> _Task to carry out_: Output the data below only from the line containing "방식을 많이 선택합니다." up to and including the line containing "Dusty rose pink watercolor", exact and with the pictures left out.
*** Supplied information ***
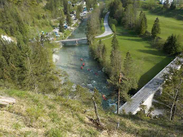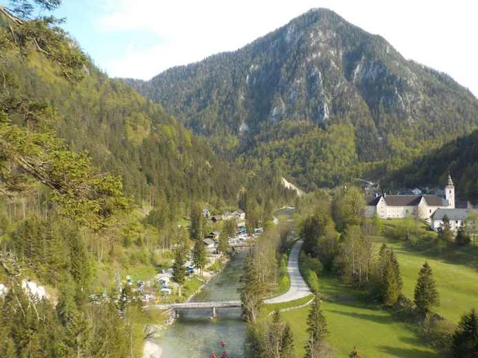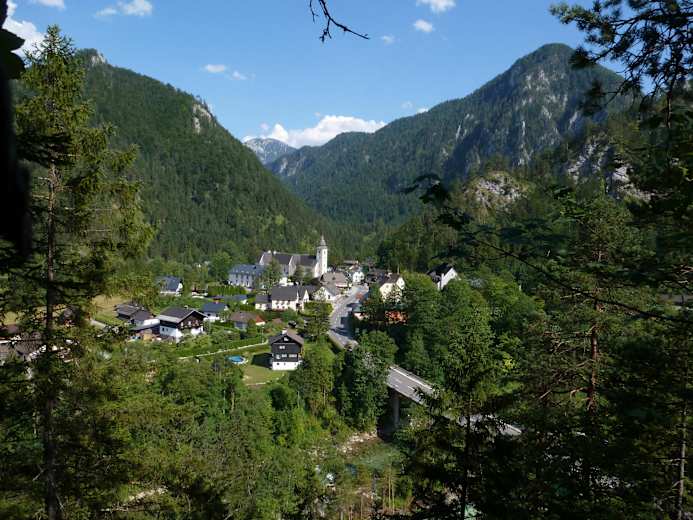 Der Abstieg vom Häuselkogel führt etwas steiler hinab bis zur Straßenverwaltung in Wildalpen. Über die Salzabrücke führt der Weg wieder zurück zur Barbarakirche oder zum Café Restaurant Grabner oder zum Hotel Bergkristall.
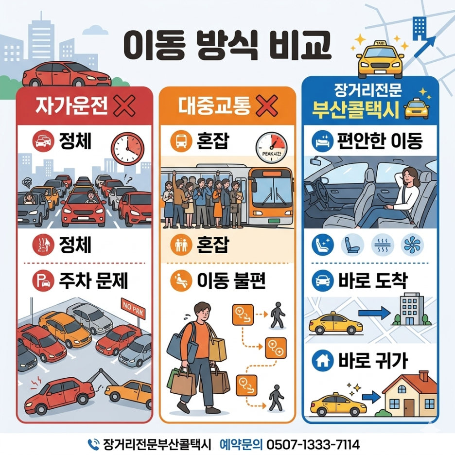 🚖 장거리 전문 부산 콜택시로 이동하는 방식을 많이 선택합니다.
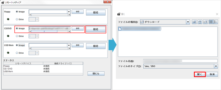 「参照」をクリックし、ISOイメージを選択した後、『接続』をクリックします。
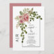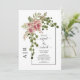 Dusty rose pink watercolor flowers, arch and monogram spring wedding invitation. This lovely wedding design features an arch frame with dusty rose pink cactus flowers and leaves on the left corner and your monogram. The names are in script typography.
*** End of Supplied information ***
*** Supplied information ***
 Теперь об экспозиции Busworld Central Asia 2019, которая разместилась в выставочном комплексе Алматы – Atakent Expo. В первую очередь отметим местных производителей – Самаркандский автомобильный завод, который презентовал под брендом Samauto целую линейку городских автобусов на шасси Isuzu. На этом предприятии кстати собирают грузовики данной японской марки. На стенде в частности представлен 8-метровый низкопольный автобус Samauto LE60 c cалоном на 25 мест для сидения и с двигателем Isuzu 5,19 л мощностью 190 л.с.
*** End of Supplied information ***
*** Supplied information ***
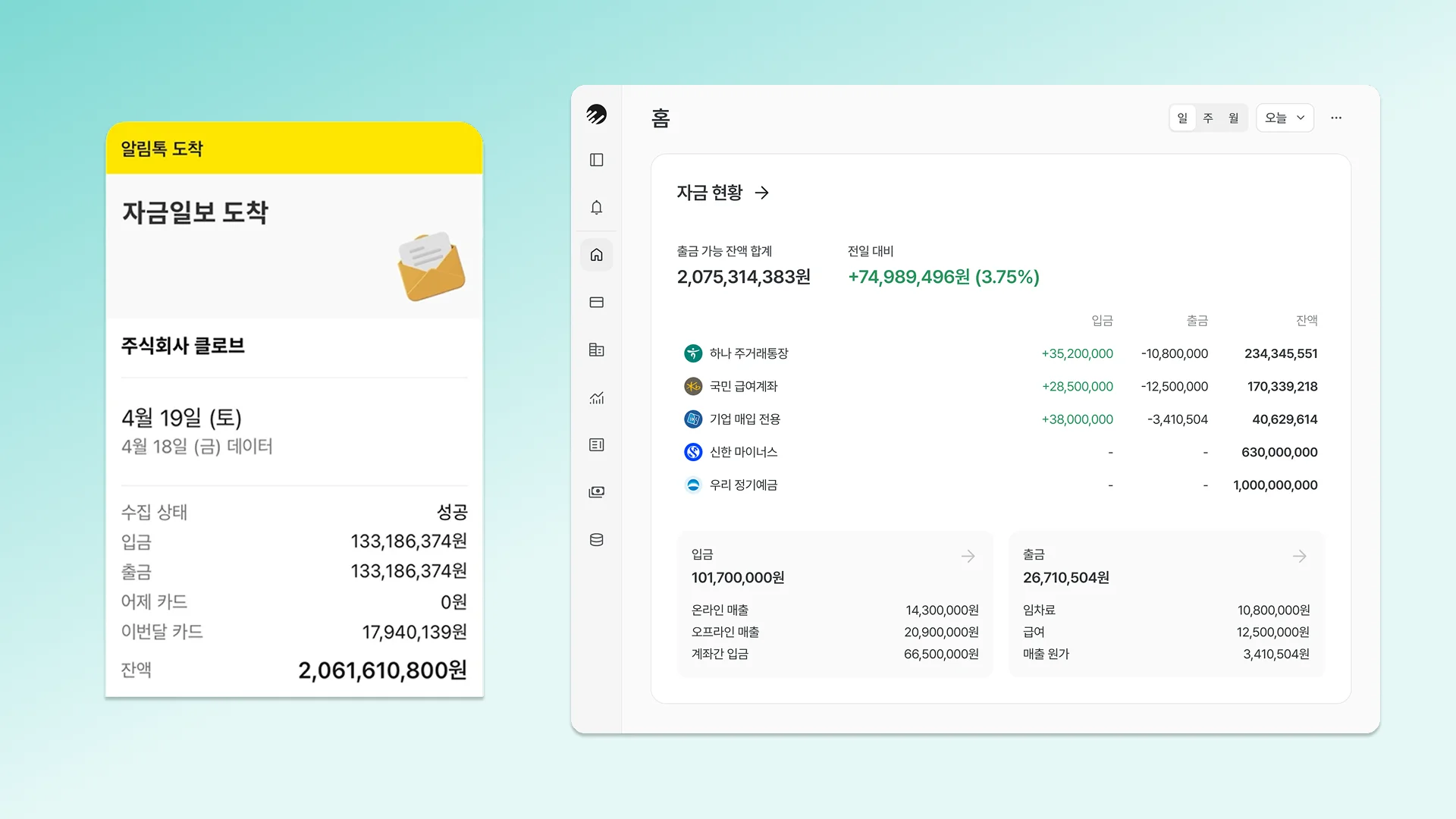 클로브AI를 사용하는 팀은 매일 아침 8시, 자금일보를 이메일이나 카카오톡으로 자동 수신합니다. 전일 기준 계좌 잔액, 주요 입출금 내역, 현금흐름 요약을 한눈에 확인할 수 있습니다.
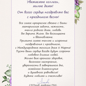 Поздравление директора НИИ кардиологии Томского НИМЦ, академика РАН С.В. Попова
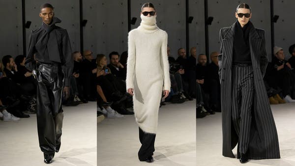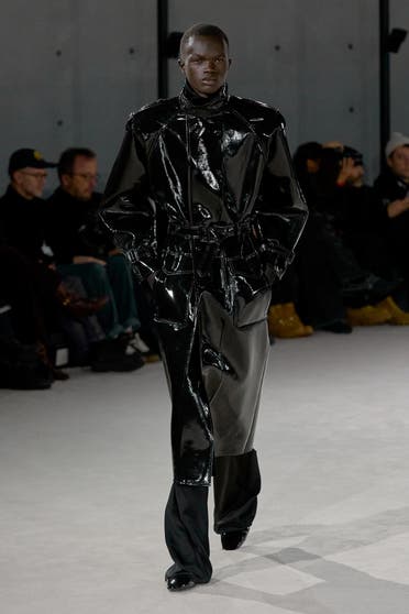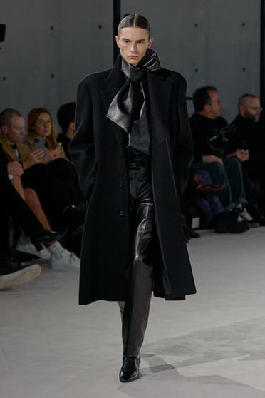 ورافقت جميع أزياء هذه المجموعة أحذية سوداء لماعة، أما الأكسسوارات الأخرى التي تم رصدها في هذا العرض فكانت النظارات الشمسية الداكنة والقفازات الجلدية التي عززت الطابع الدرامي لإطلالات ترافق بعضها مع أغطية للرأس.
*** End of Supplied information ***
> _Exercise response_:
 🚖 장거리 전문 부산 콜택시로 이동하는 방식을 많이 선택합니다.
 「参照」をクリックし、ISOイメージを選択した後、『接続』をクリックします。
 Dusty rose pink watercolor flowers, arch and monogram spring wedding invitation. This lovely wedding design features an arch frame with dusty rose pink cactus flowers and leaves on the left corner and your monogram. The names are in script typography.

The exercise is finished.